Key advantages (as hinted in the video):

- **Efficiency:**  
  - Each gradient computation uses only a small subset.  
  - On massive datasets (e.g., millions of images), this makes training feasible.  
- **Frequent updates:**  
  - Parameters are updated many times per pass through the data, which can speed up practical convergence.  
- **Escaping shallow regions:**  
  - The noise in gradient estimates can help avoid getting “stuck” in flattish or awkward regions.

But it is also:

- **Noisier:**  
  - Loss does not decrease smoothly; it bounces around.  
- **Sensitive to hyperparameters:**  
  - Learning rate α and batch size matter a lot.  
  - Poor choices can cause divergence, very slow progress, or oscillations.  
- **Harder to reason about:**  
  - The path of θ across the loss surface isn’t as nicely behaved as full-batch gradient descent.

## Big-picture intuition

Putting all the small details together:

- **Batch gradient descent**:  
  - Uses the exact gradient from all data.  
  - Fewer, more expensive, smoother updates.

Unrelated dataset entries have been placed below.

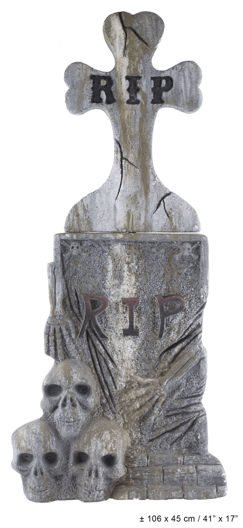 Klasyczna dekoracja na Halloween. Nagrobek z motywem krzyża i czaszek u podstawy kamienia. Nie brakuje też napisu RIP. Spoczywaj w pokoju!Materiał: PolistyrenKolor: szaryWymiary: 106 x 45 x 10 cmWaga: 0,3 kg przeczytaj całość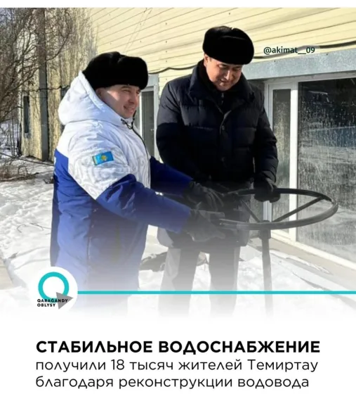 8 января водопровод торжественно запустили в присутствии акима города Галыма АШИМОВА. В сообщении акимата области говорится, что воду оттуда получают 18 тысяч жителей Темиртау.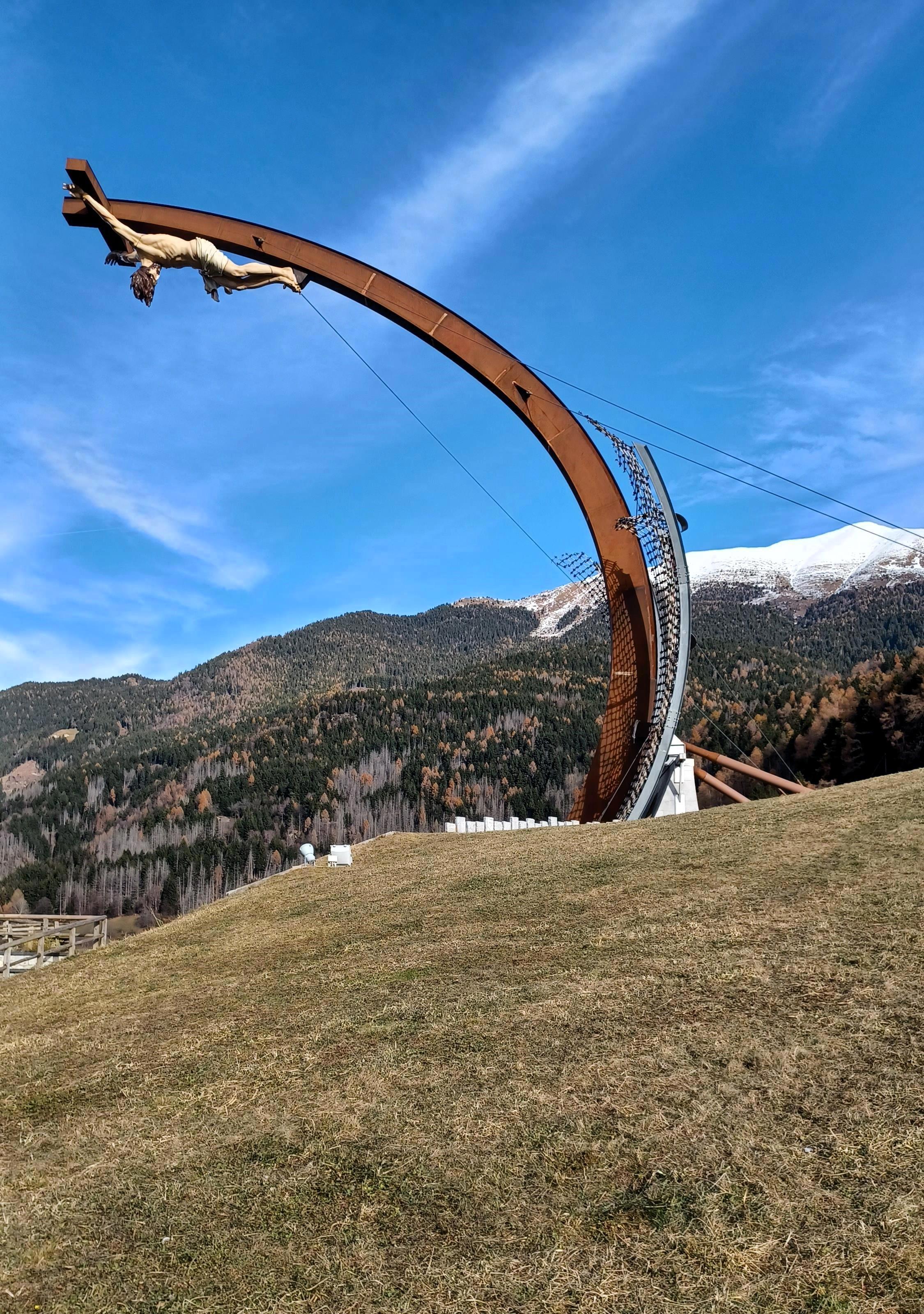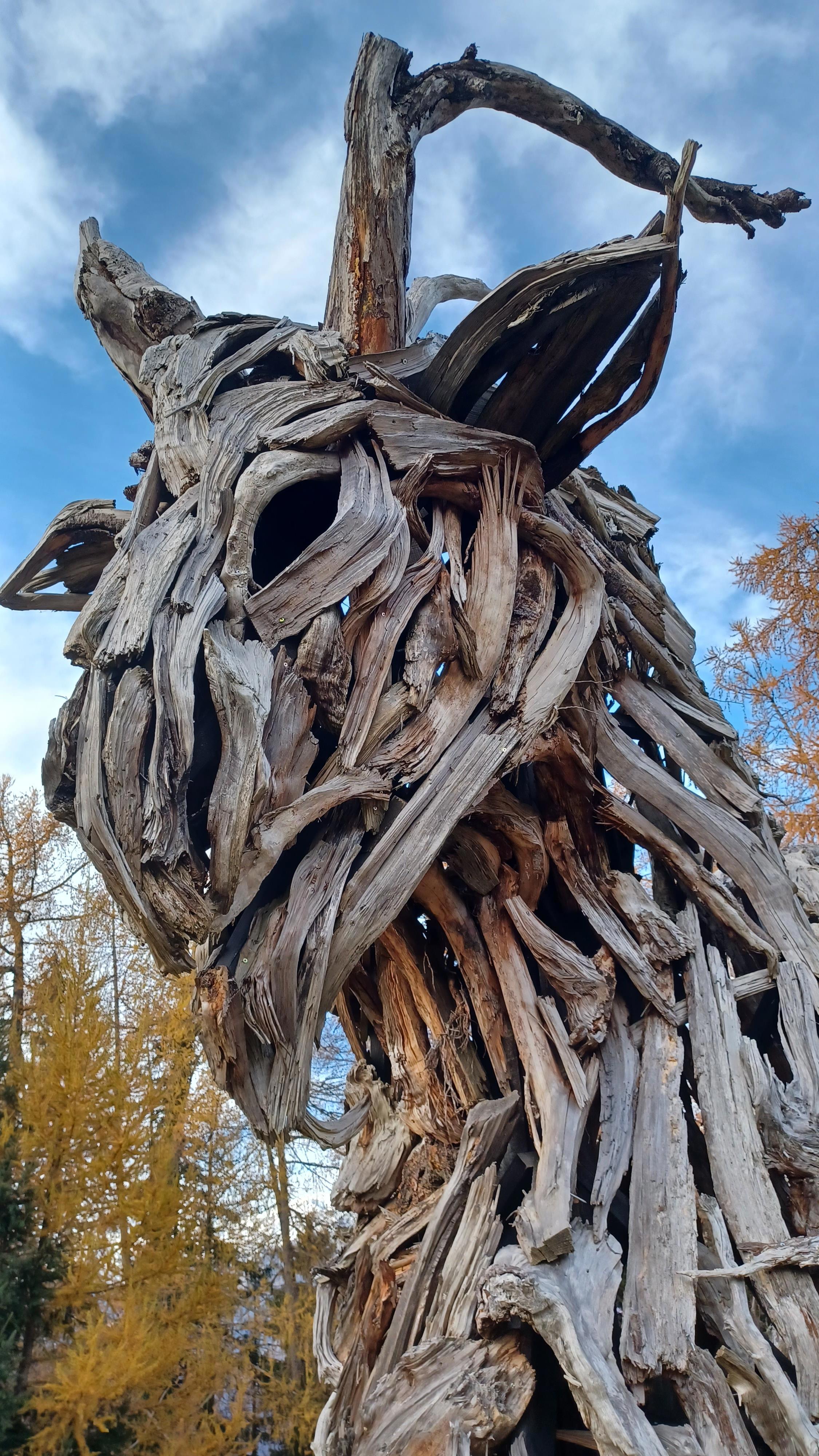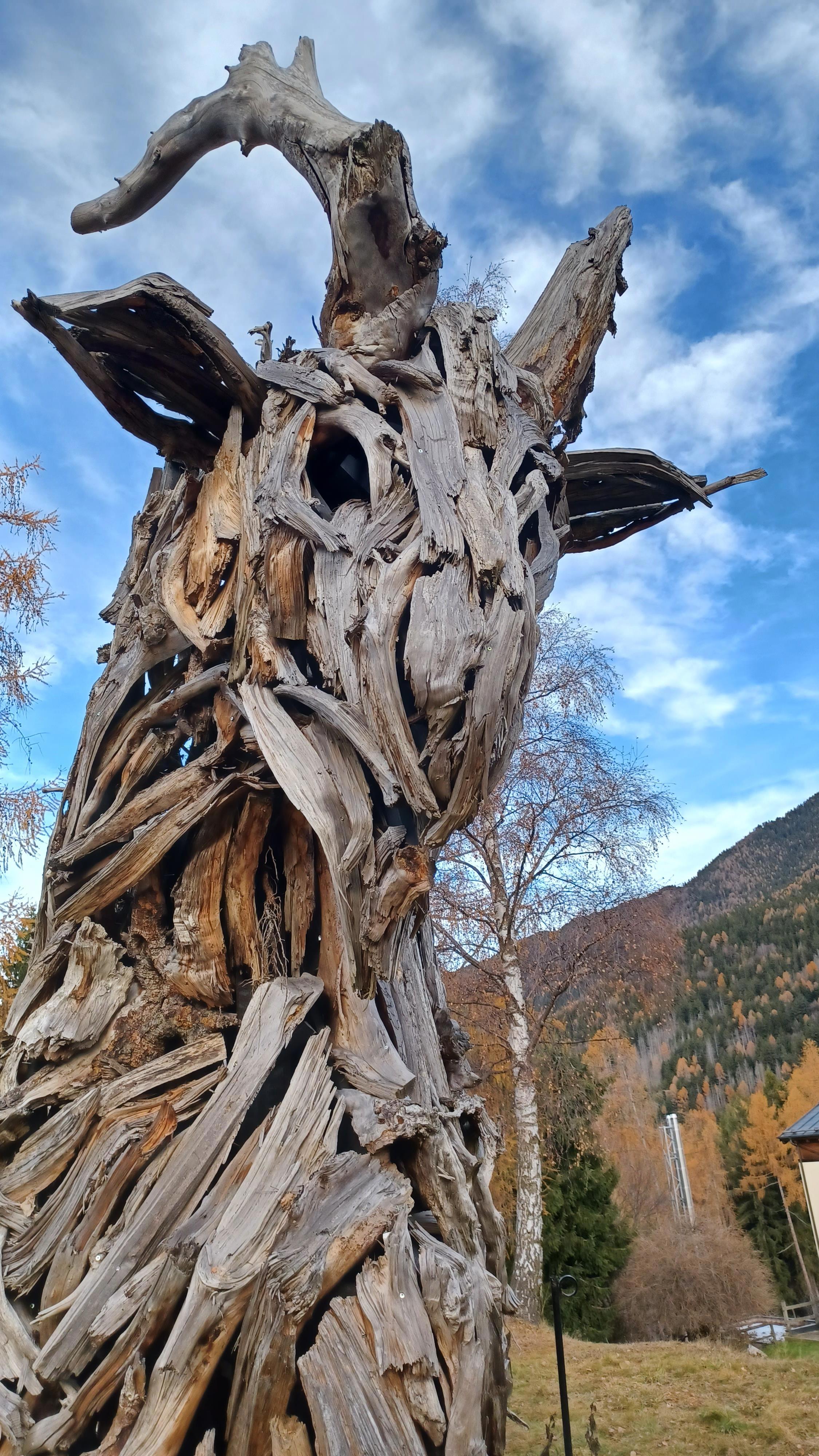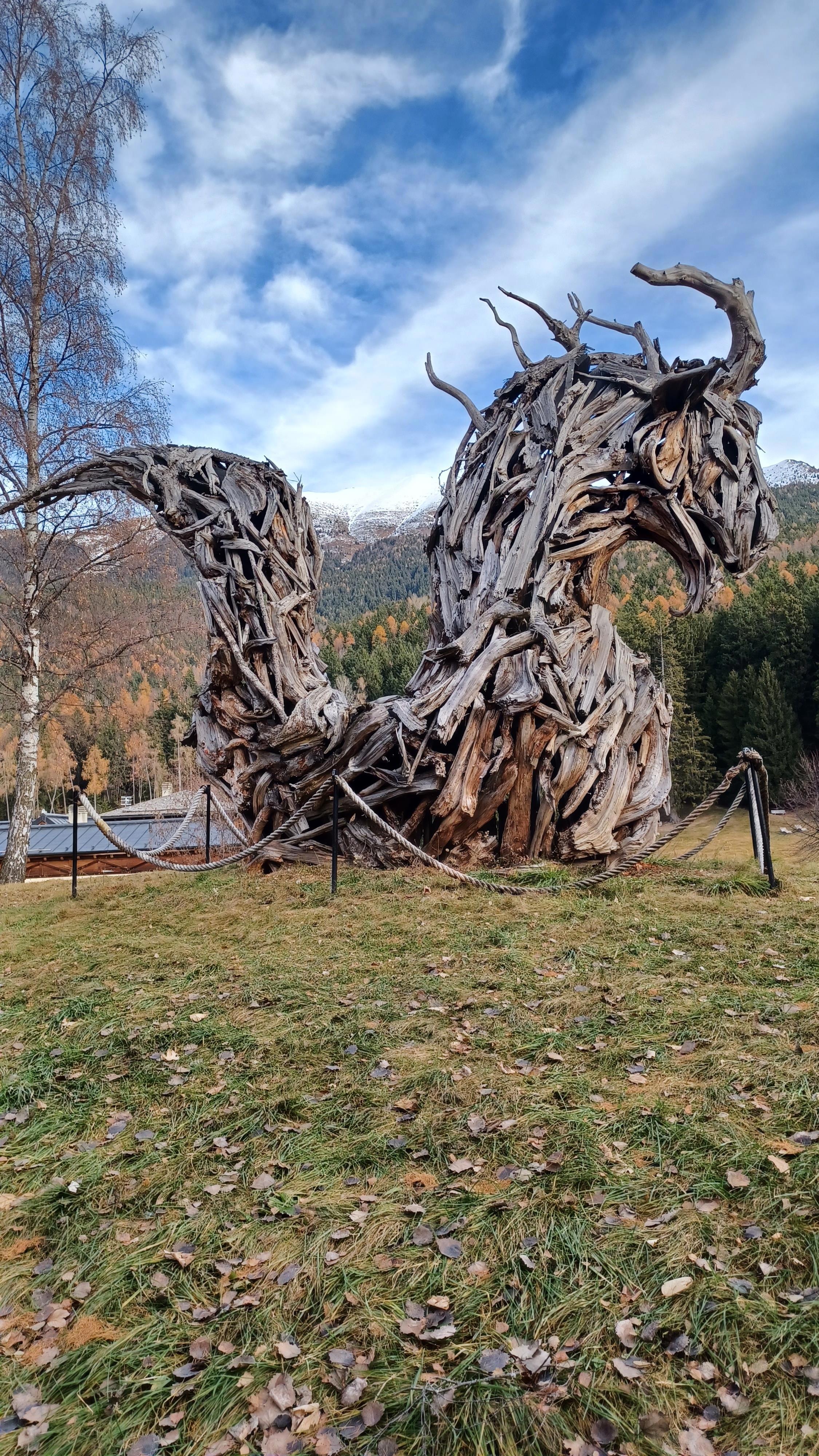Скульптор Marco Martalar. Все его произведения называются чего-то там Вайя, можно посмотреть в интернете другие. Он использует части упавших деревьев, а название дано в честь эпического шторма, который обрушился на север Италии осенью 2018 года, когда ветер достигал 200 километров в час и повалил более 18 000 деревьев.

- **Stochastic / mini-batch gradient descent** (as coded in the video):  
  - Uses approximate gradients from *random subsets*.  
  - More, cheaper updates; noisy but efficient.  
  - Over time, still steers θ towards the minimum of the loss.

Even though each individual step is based on an incomplete (and noisy) picture of the loss surface, the repeated use of many batches and repeated passes over randomly shuffled data makes the overall process converge in practice.